Ms. KAPTUR. Mr. Speaker, the conventional wisdom flowing through the
media to our Nation is that without the Wall Street bailout, America
would have gone into economic depression and many banks would have
failed. Well, the bailout passed. But think about it, then America fell
into depression. Unemployment skyrocketed, and since January of last
year, 141 banks have failed and been resolved through the Federal
Deposit Insurance Corporation with more to come. Yet the biggest banks
that did the damage were rescued rather than broken up and held
accountable. These big banks gambled wildly, taking huge risks with our
money and our mortgages, and now they are transferring their trillions
of dollars of mistakes to our taxpayers for generations to come. What's
wrong with this picture?
The public's anger is rising, rightly. That can make a difference
because that will affect elections. Yet the powerhouses of Wall Street
who took TARP money within a year are earning the strongest profits in
America compared to every other business, and they are handing
themselves exorbitant bonuses, over $150 billion and counting. Clearly
what Congress did was incorrect.
{time} 1645
America has fallen into a deepening depression, more unemployment,
with projections for a jobless recovery, with rising trade deficits,
which weren't supposed to happen because of the value of the dollar.

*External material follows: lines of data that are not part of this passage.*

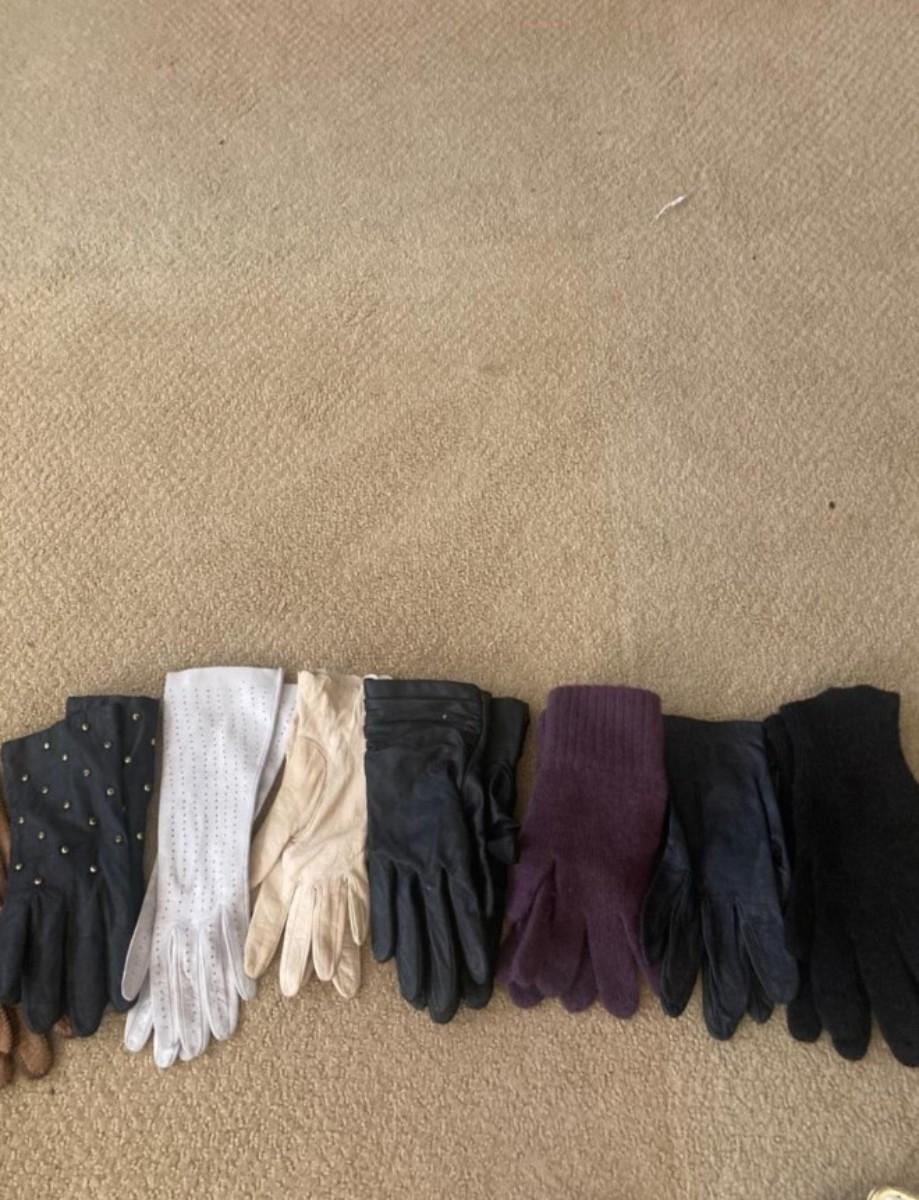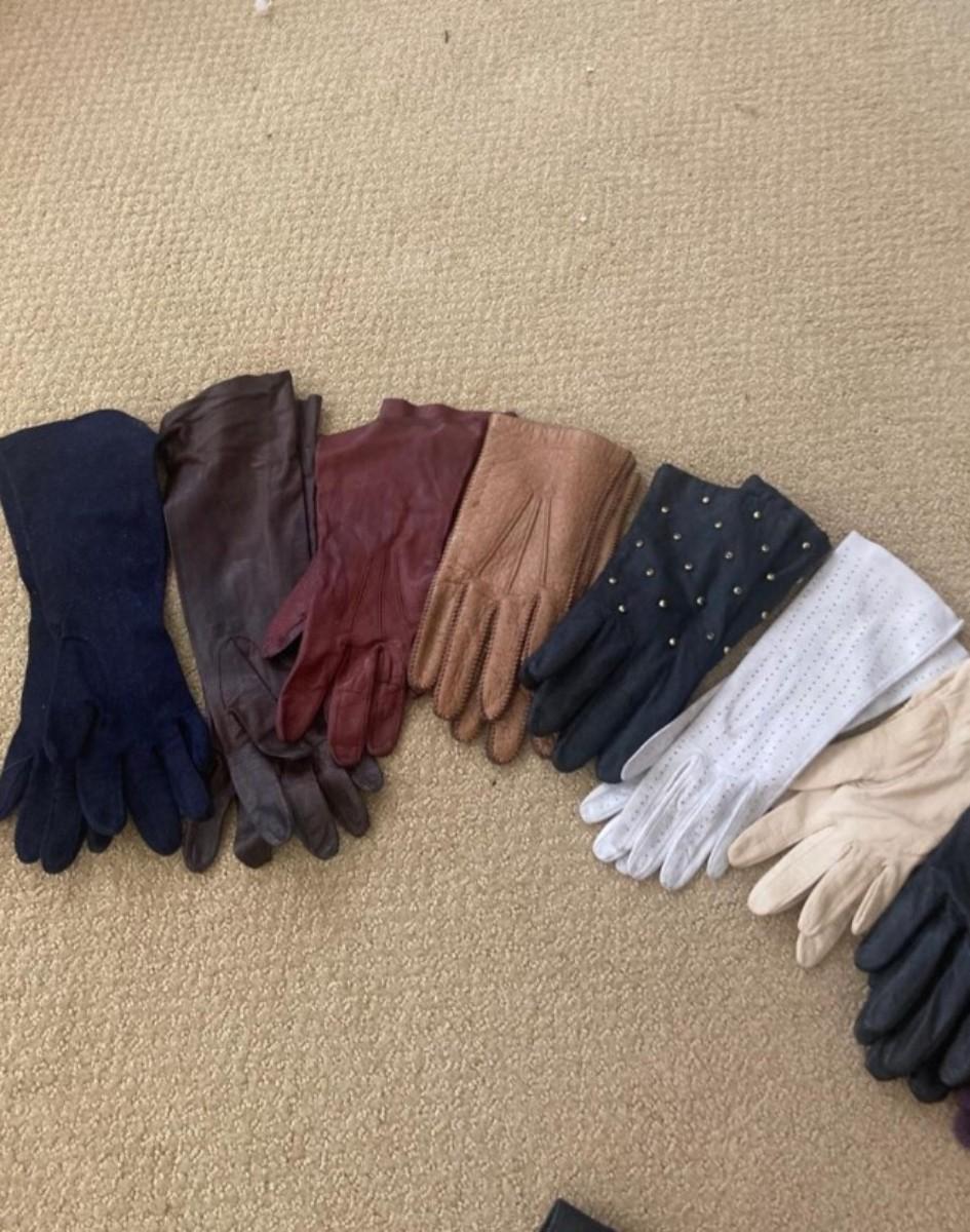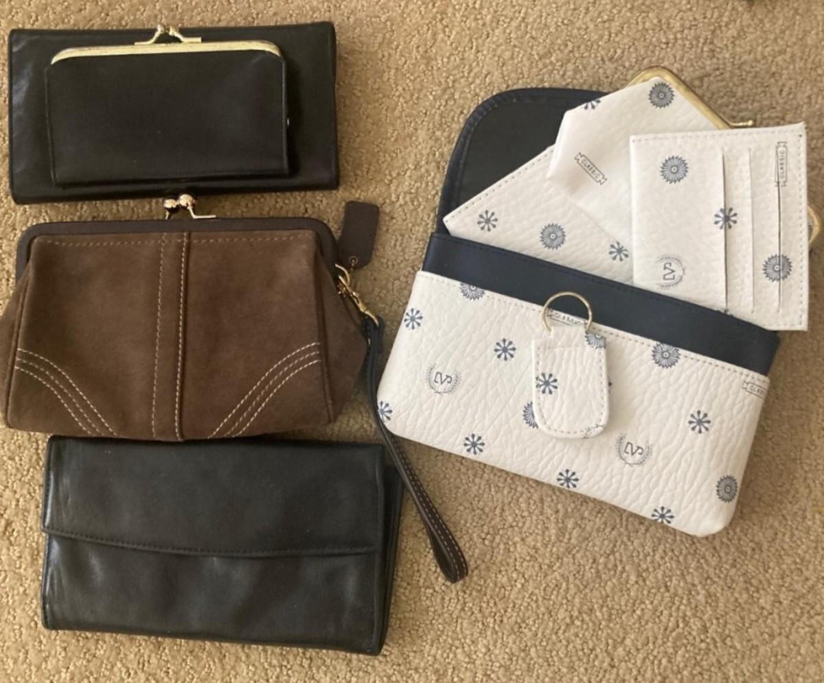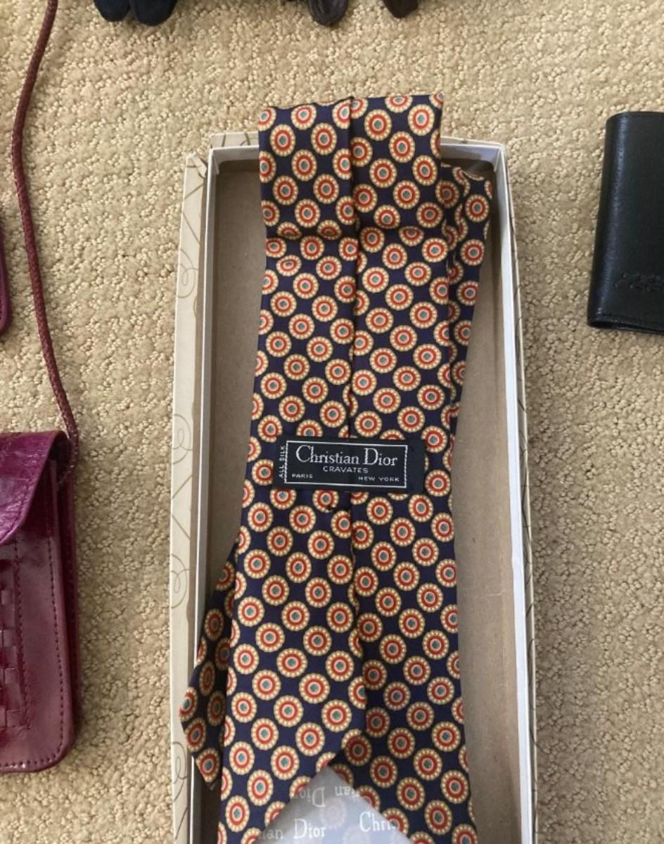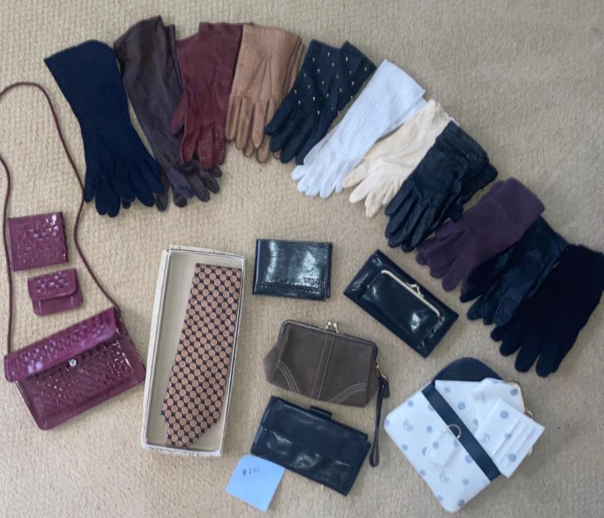Lot of fashion accessories including a vintage silk Christian Dior tie, grouping of wallets and coin purses, and multiple ladies gloves.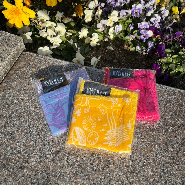 バリ島在住デザイナーによるブランドKYKULLO製のタオル 伝統的な技法で染められたバティックサロンとタオルが組み合わさったユニークなアイテム 目を惹くデザインで使い心地も抜群です◎ 素材: 表地:レーヨン100% タオル地:コットン92%、ポリエステル8% サイズ:約29.5cm × 29.5cm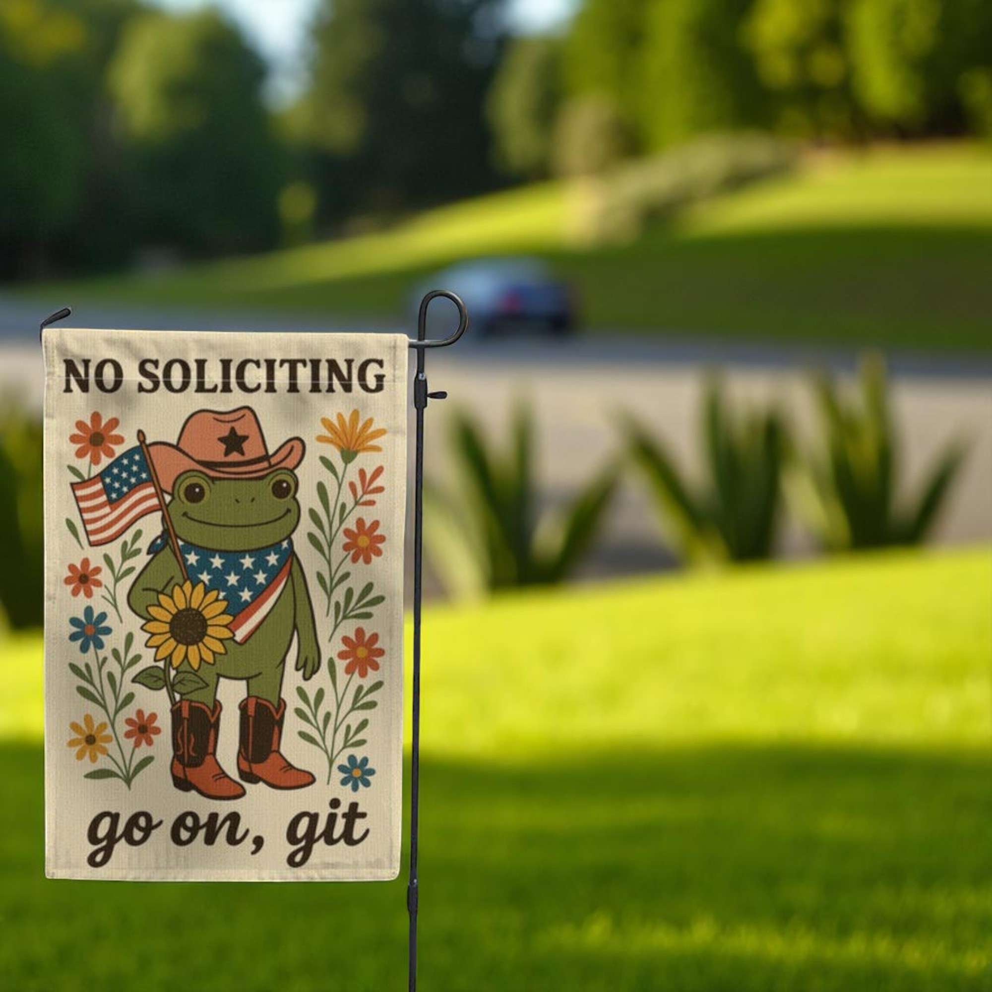 Add a dose of humor to your outdoor space with this Funny No Soliciting Garden Flag, designed to make visitors smile—or think twice before knocking. Perfect for front yards, gardens, or walkways, this eye-catching flag features a charming frog and playful message that clearly says: “Go on, git!”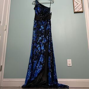 Prom One Shoulder Black Mermaid Dress by Alyce Paris 6036 NWT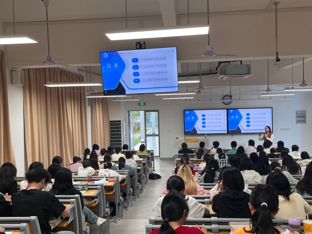 杨盈老师首先用“我在巴勒斯坦长不大”的一个外媒对巴勒斯坦儿童未来理想的采访视频作为讲座的导入点,分别从巴以冲突的历史溯源、当前局势、原因分析及其呼唤和平协商四个方面展开。整个讲座中,杨盈老师通过理论讲授、案例分析、思考互动、交流观点、分享感悟等多种方式,深入浅出,环环相扣地讲述着讲座内容,现场氛围轻松活跃,同学们积极参与互动与发表学习感悟。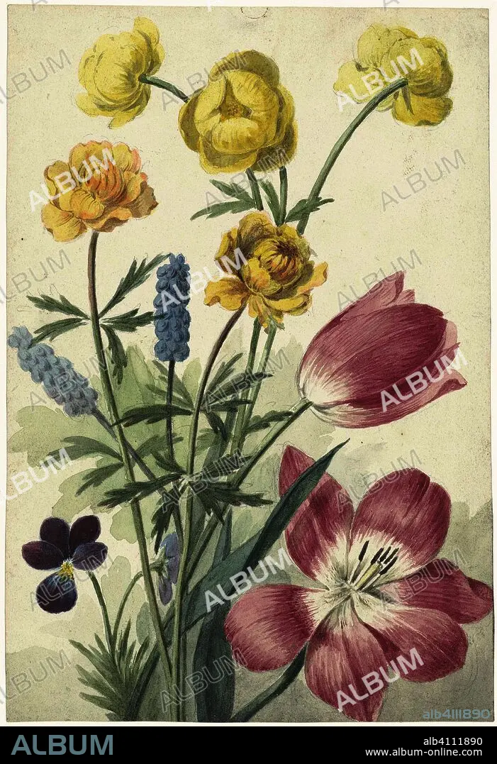 Caption: Bouquet of tulips, violets, blue grapes and dotters. Draughtsman: Willem van Leen. Dating: 1763 - 1825. Measurements: h 210 mm × w 144 mm.
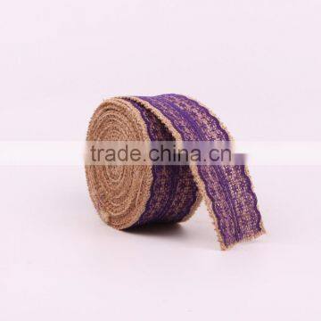 Jute Burlap Natural Hessian Ribbon With Purple Lace Trim Wedding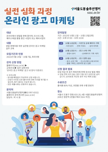 [뉴스써치] 도봉구에 위치한 서울도봉솔루션앵커에서 ‘실전심화과정 온라인 광고마케팅’, ‘디자이너를 위한 양말제작실습’, ‘온라인 유통 마케팅-온라인 상품페이지 실무’ 교육의 수강생을 모집한다.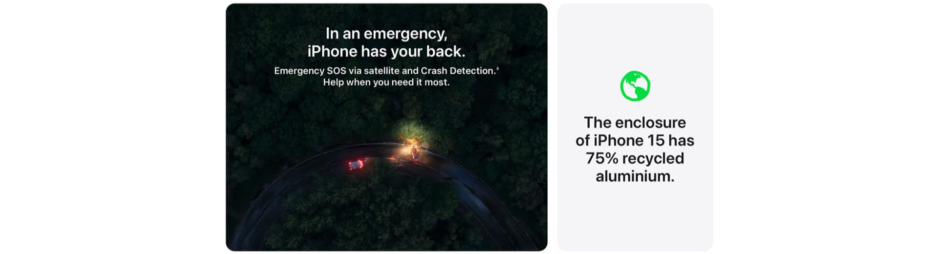 • VITAL SAFETY FEATURES — If you need emergency services and don’t have mobile service or Wi-Fi, you can use Emergency SOS via satellite. With Crash Detection, iPhone can detect a serious car crash and call for help if you can’t.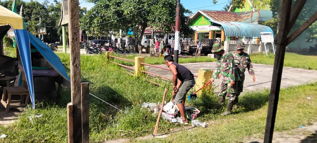 Personel Satuan Tugas (Satgas) TMMD ke-124 tampak bahu membahu bersama puluhan warga Bukit Kayu Kapur membersihkan area Pasar Minggu.
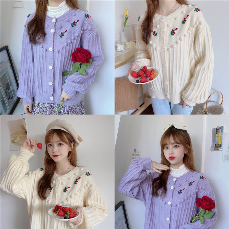 ✞ スタンダードニットセーター 長袖スリーブラウンドネック♡ ロング レッド レトロ 刺繍 スウィート カーディガン ✞ゴスロリ SM ミリ 甘ロリ クラロリ 和ロリ エレガント 黒ロリ 姫ロリ 華ロリ BB-BB36008012282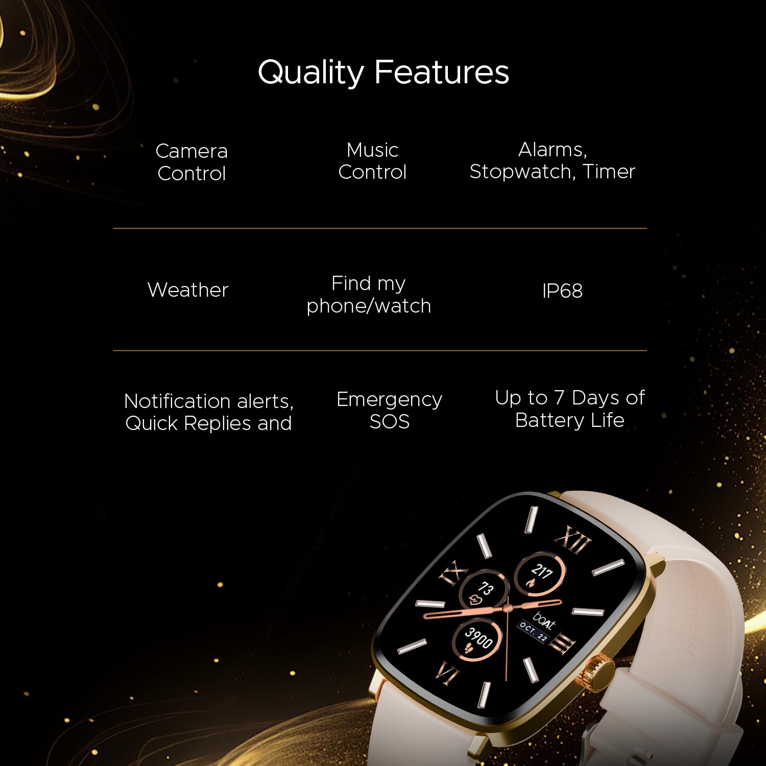 Emergency SOS: Get help with a single tap by using the SOS mode of this watch. Save your emergency contacts on the boAt Crest app and notify them when you need help.

Why? Because the financial crisis was resolved in the wrong way. The
financiers who created this house of cards are still rewarding
themselves and doing a reverse Robin Hood--taking from others to reward
the privileged few. That doesn't sound like the America I know.
Credit remains frozen across our country. Credit being frozen means
no more jobs. It means jobless recovery, because businesses cannot make
payroll. They cannot buy supplies. They cannot maintain their
inventories. When five megabanks in our country control nearly half the
deposits of the American people, that is too concentrated. It is too
unaccountable. And it is too much of a transfer of power from the many
to the few. That isn't what America is about.
Alone, or joined together in groups, these big banks successfully
lobbied Congress to weaken financial regulatory reform and defeat one
of the most powerful and necessary reforms rebuilding the protective
walls between regular, prudent commercial banking and speculation.
Financial reform should have deconstructed the too big to fail firms
that caused this economic crisis, but the bill that whizzed through
this Congress a few weeks ago did exactly the opposite. It enshrined
them, it grandfathered them.
I introduced H.R. 4377, called the Return to Prudent Banking Act,
which would restore the Glass-Steagall protections, which were
overturned a decade ago in a bill called Gramm-Leach-Bliley that sailed
through this Congress. Our bill would restore the barriers between
commercial banking and speculation, not allowing this transfer of power
to the abusers.
I look forward to working with my other colleagues, like Congressman
Maurice Hinchey of New York, such a leader on this issue, to combine
our bills, to return our financial system to a prudent banking system,
one in which credit is no longer seized up because we fixed what is
wrong with the fundamentals.
Our citizens demand a more competitive banking system, one that is
less concentrated, and without the systemic risks our current one
encourages. The momentum is building for real change, and I am glad
there is an election this year. Because despite the work of the
megabanks to enshrine themselves, we still have hope because more
Americans are paying attention.
There is an article in the Wall Street Journal today by Thomas Frank
entitled Bring Back Glass-Steagall. He is right. The so-called
financial regulatory reform bill that moved through this House too
quickly last year before examining the root causes of this crisis has a
bottom line. The House bill basically grandfathered the megabanks,
which set the stage for a future meltdown in our economy because the
Federal Government becomes the open arms for Wall Street's high risk
future behavior. The big banks of course will
[[Page H113]]
fight any effort to reform the current system, but speculators
shouldn't be given free rein. They have to let the American people know
that in fact if they are high risk, hey, you are on your own. But those
firms should not be allowed to gamble with regular commercial banking.
The American people should think about how to restore normal credit
flows, because until we do that this economy is not going to heal.